Speaking of feedback and assistance, start with New Wife. She’s the parent who has been in the picture the longest, and (at least for now) what she says, goes. Following her lead is a simple guideline to get you started. I also suggest that you two become very deliberate about your co-parenting. Just as I would recommend ongoing marriage counseling (build a relationship with a therapist so that you can go back for regular tune-ups) to help you both be heard and understood as you grow into your partnership, think about finding a place you can learn about co-parenting together. Take some time to discuss your vision for your family – New Wife’s vision may be different from yours, and that’s worth knowing. I imagine that this conversation could feel difficult or contrived, but that’s not a good reason to avoid it. Trust me, an honest conversation about what you both want when things are going well can be the reminder that will help you find each other when things change (and that time is unavoidable, so be gentle with yourselves and stockpile some of the tools you will need in advance: patience, respectful communication skills, etc.).

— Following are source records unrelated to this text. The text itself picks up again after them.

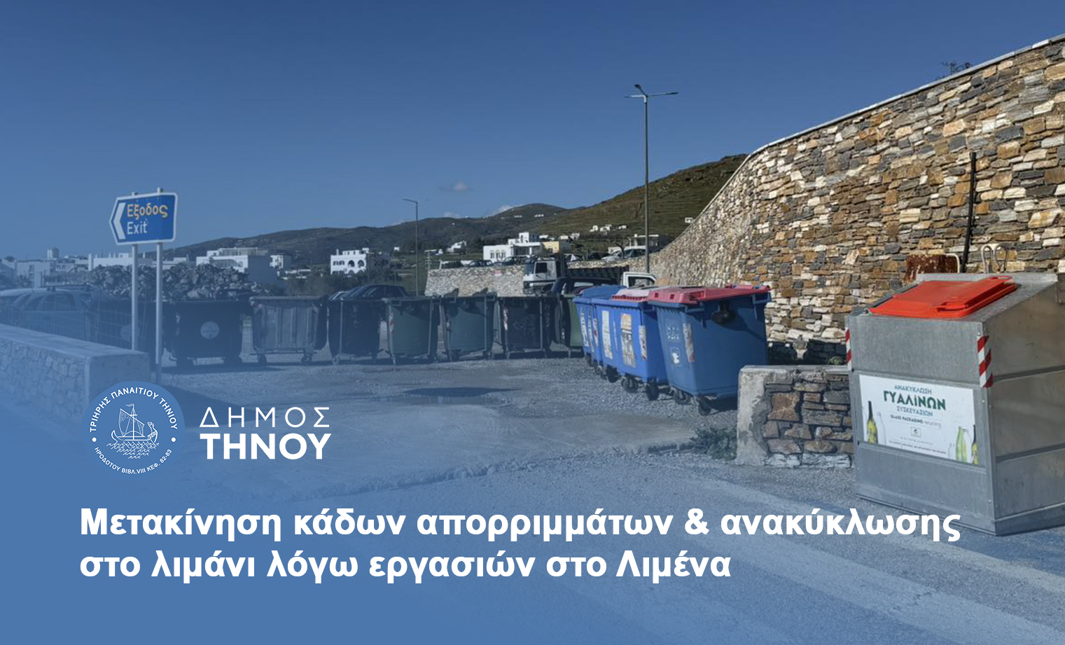 Ο Δήμος Τήνου ενημερώνει τους δημότες νησιού ότι πραγματοποιήθηκε μετακίνηση των κάδων απορριμμάτων & ανακύκλωσης στην απέναντι είσοδο στο χωμάτινο πάρκινγκ (όπως διακρίνεται στην φωτογραφία).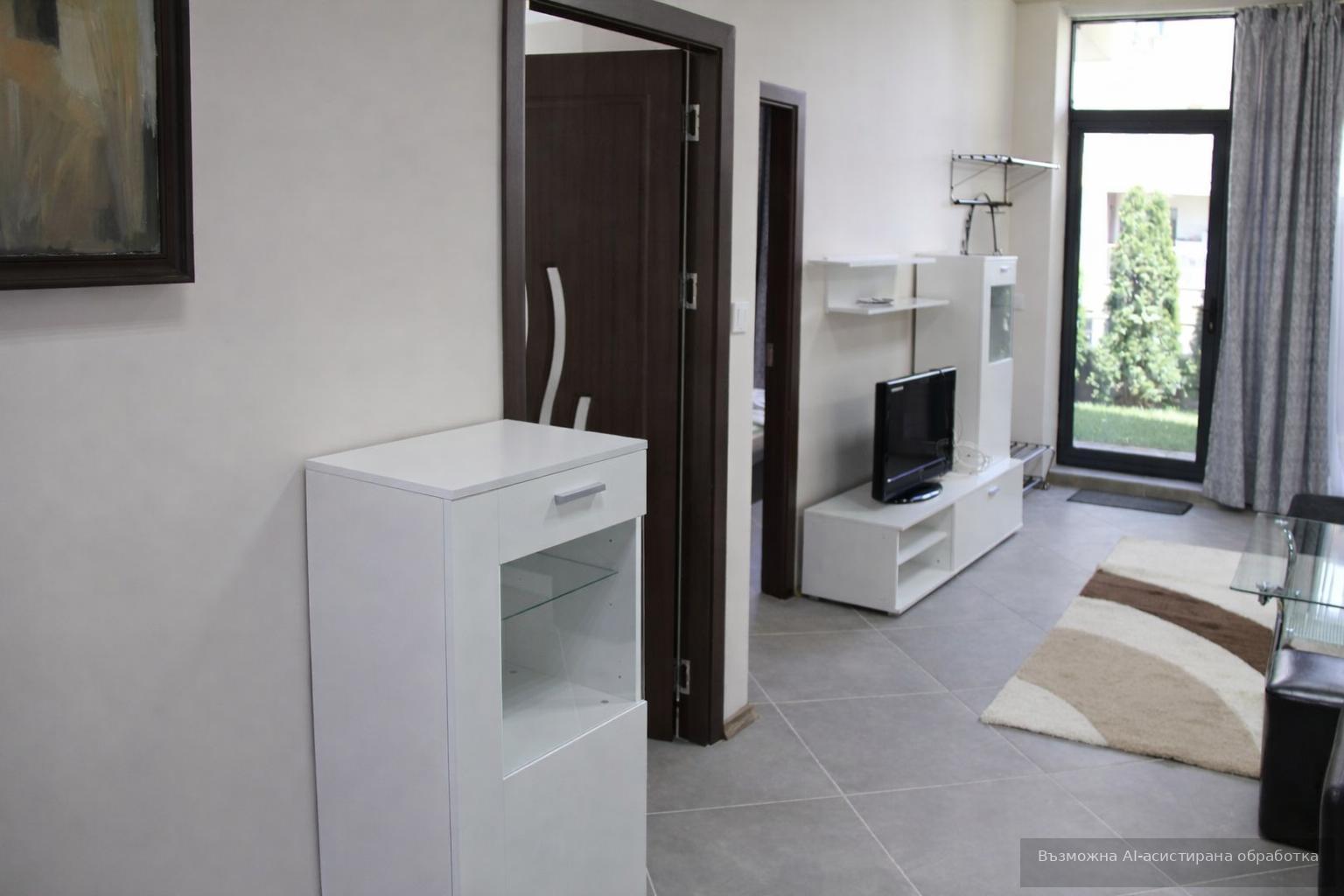 Титан Пропъртис офис бул.България с радост предлага на Вашето внимание тристаен апартамент за продажба в кв. Симеоново. Жилището е със застроена площ 63 кв.м и се намира на партерен етаж в нова пететажна сграда. Изложението Изток/Юг осигурява приятна светлина през целия ден. Всекидневна с кухненски кът, две спални, малък коридор и баня с тоалетна са разпределени функционално и стилно. Обзаведен и с електрическо отопление, апартаментът е част от затворен комплекс, който предоставя допълнителна сигурност и спокойствие. Модерно изпълнение и практично разпределение правят това жилище отличен избор за постоянен дом.
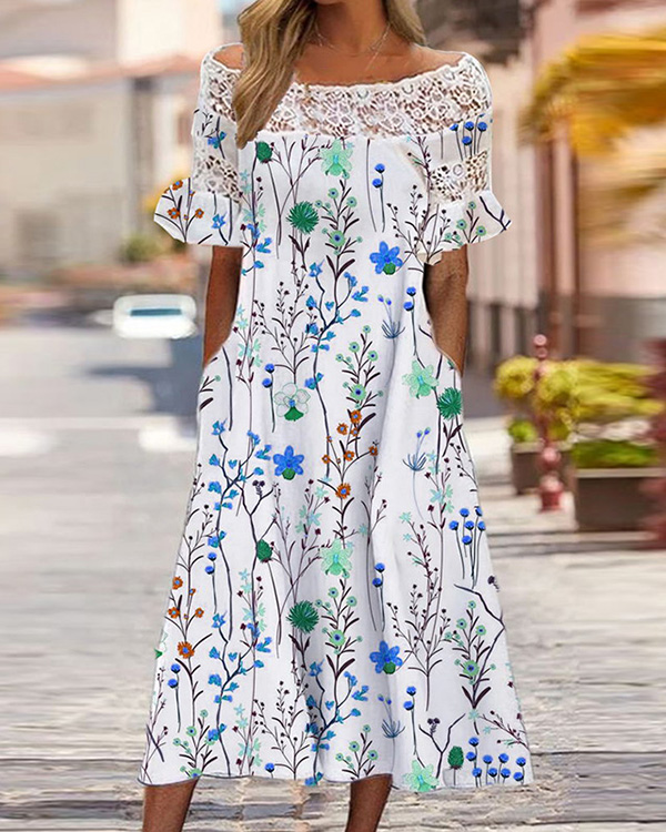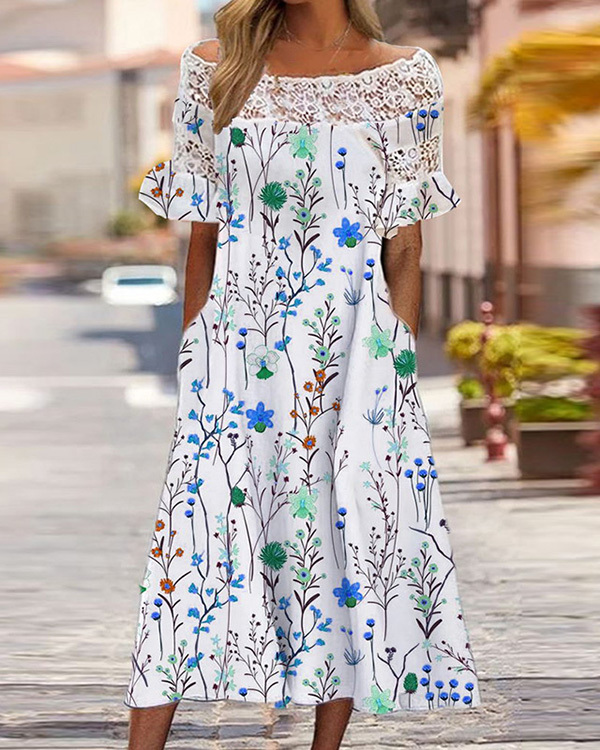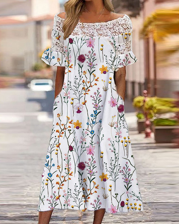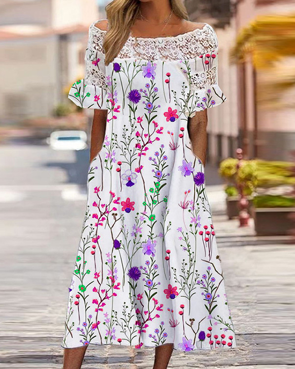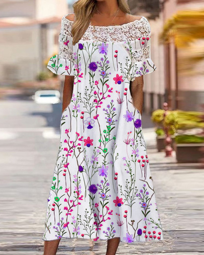 Off Shoulder Lace Sleeve Short Sleeve Floral Dress

One last point to make is that this is not necessarily going to be easy – why should it be? Being a stepparent is a complicated arrangement – but you are asking the right questions at the outset; just keep ‘em coming.

Stacy Notaras Murphy (www.stacymurphyLPC.com) is a licensed professional counselor and certified Imago Relationship therapist practicing in Georgetown. This column is meant for entertainment only, and should not be considered a substitute for professional counseling. Send your confidential question to stacymurphyLPC@gmail.com.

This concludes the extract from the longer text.